Diese komischen Abmahnbriefe gibts schon ewig, die werden in die Tonne getreten wenn man weiß, dass man nix gemacht hat und gut ist.

Z.B. das was da mit diesen Pornoseiten war, für solche Abmahnbriefe würde ich keine 50 € im Jahr ausgeben, nur um diese nicht zu bekommen.

Zudem wäre ich bzgl.
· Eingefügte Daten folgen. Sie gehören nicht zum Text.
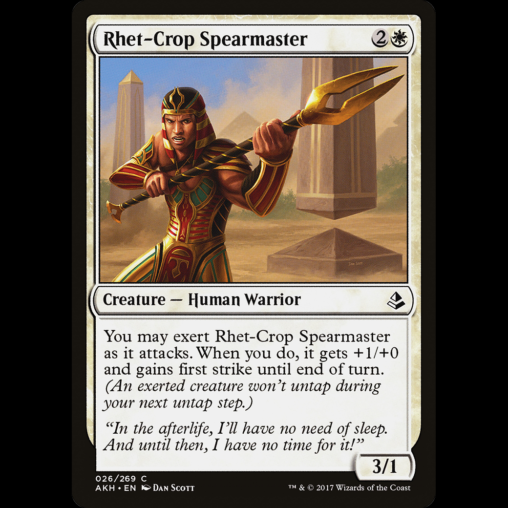 You may exert Rhet-Crop Spearmaster as it attacks. When you do, it gets +1/+0 and gains first strike until end of turn. (An exerted creature won't untap during your next untap step.)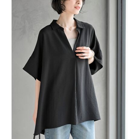 しなやかな落ち感が大人の雰囲気を醸し出すシャツブラウス。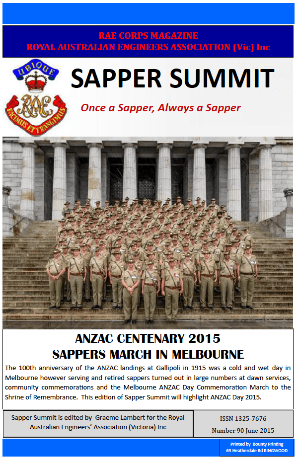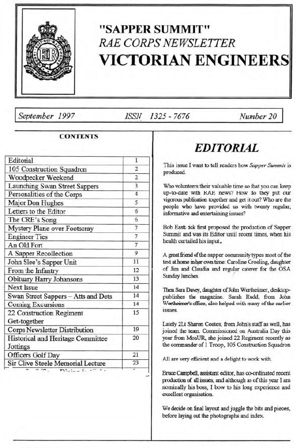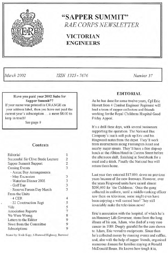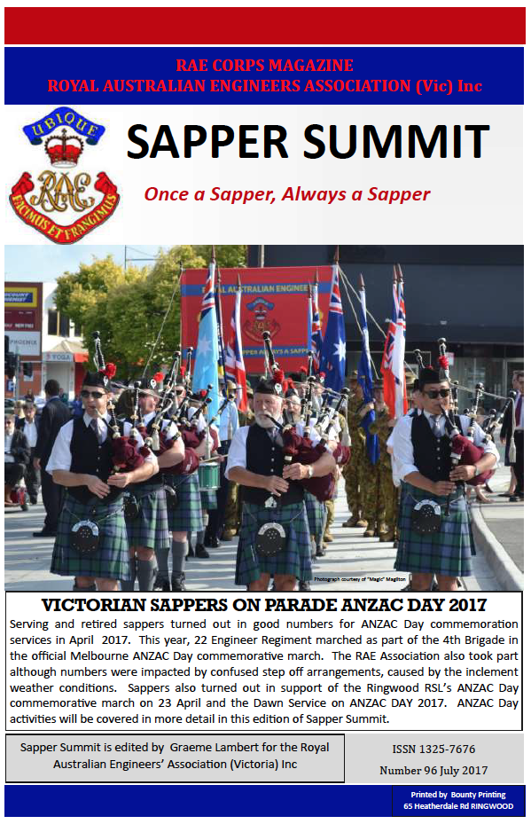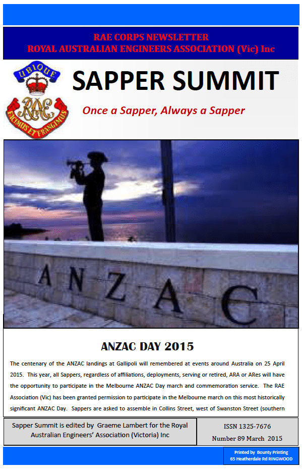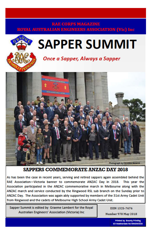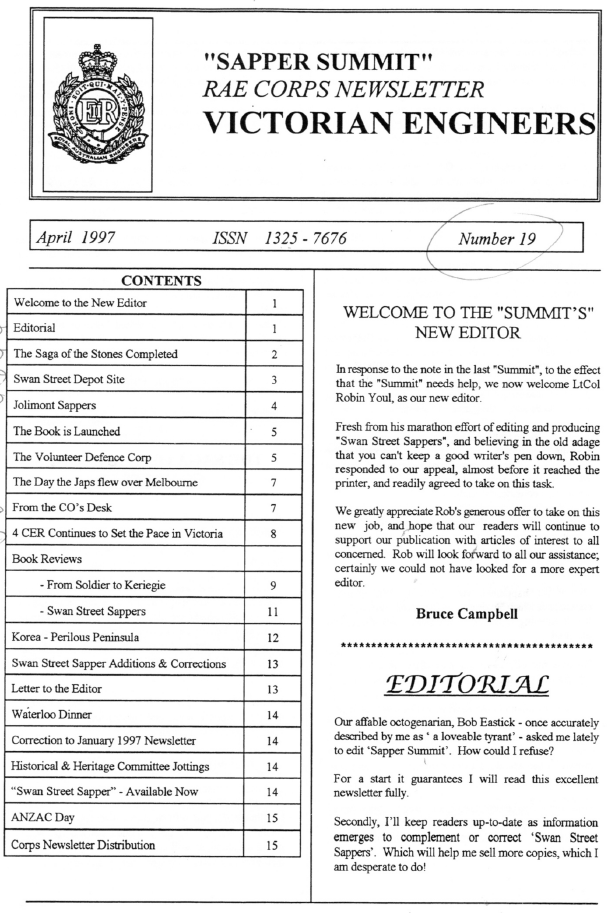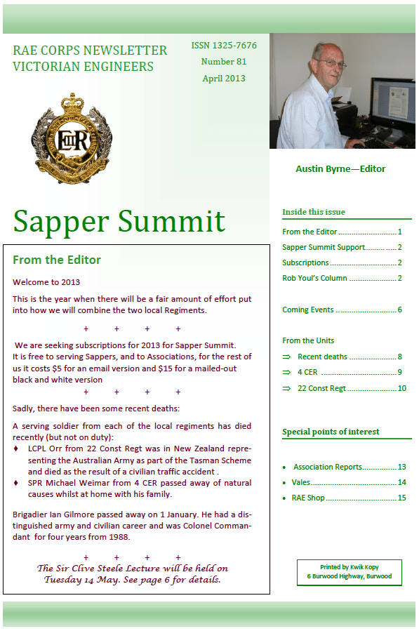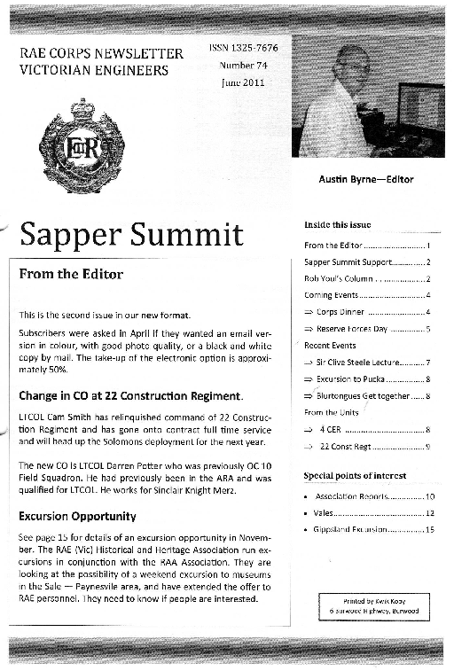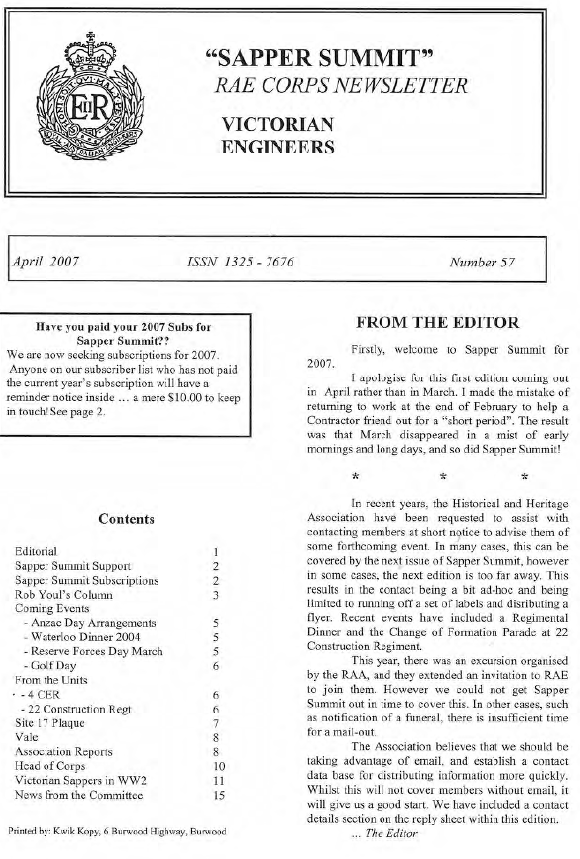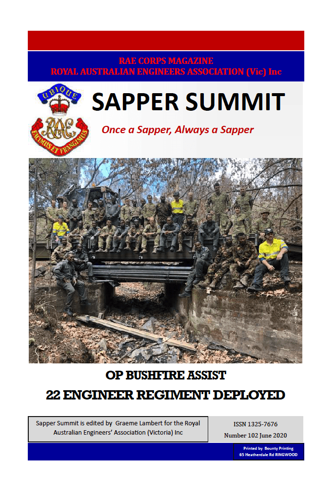 If you have anything to contribute, please contact the editor by email at sappersummit@raevictoria.com. or P.O. Box 246 Ringwood East, Vic, 3135.

VPN Tunneln  zu Anbietern, welche ich nicht kenne, sehr sehr vorsichtig.
Nicht dass hier Bankgeschäfte oder Bestellungen Passwörter usw mitgelesen werden.
Da würde ich mich ganz ganz ganz genau erkundigen bevor ich so was eingehe.


----------



## Knaeckebrot93 (17. Juni 2014)

Also ich nutze als Clientprogramm Open VPN und als VPN Server entweder diesen hier Free VPN Accounts | FreeVPN.me - Free OpenVPN and PPTP Accounts (bevorzugt ,da non Logging) ,oder andere wie z.B. von hier Free VPN Accounts • 100% Free PPTP and OpenVPN Service .
Mein Downstream sinkt dadurch zwar von normalerweiße 6,5mb/s auf ca 2mb/s ,aber bei ner 4000er Leitung wird sich das wohl nicht bemerkbar machen .
Aber wie hier bereits gesagt wurde sensible Daten würde ich nicht über einen fremden VPN Anbieter (Der dir kaum bekannt ist) leiten .
Für Open VPN gibt es glaube ich auch eine Android Version.


----------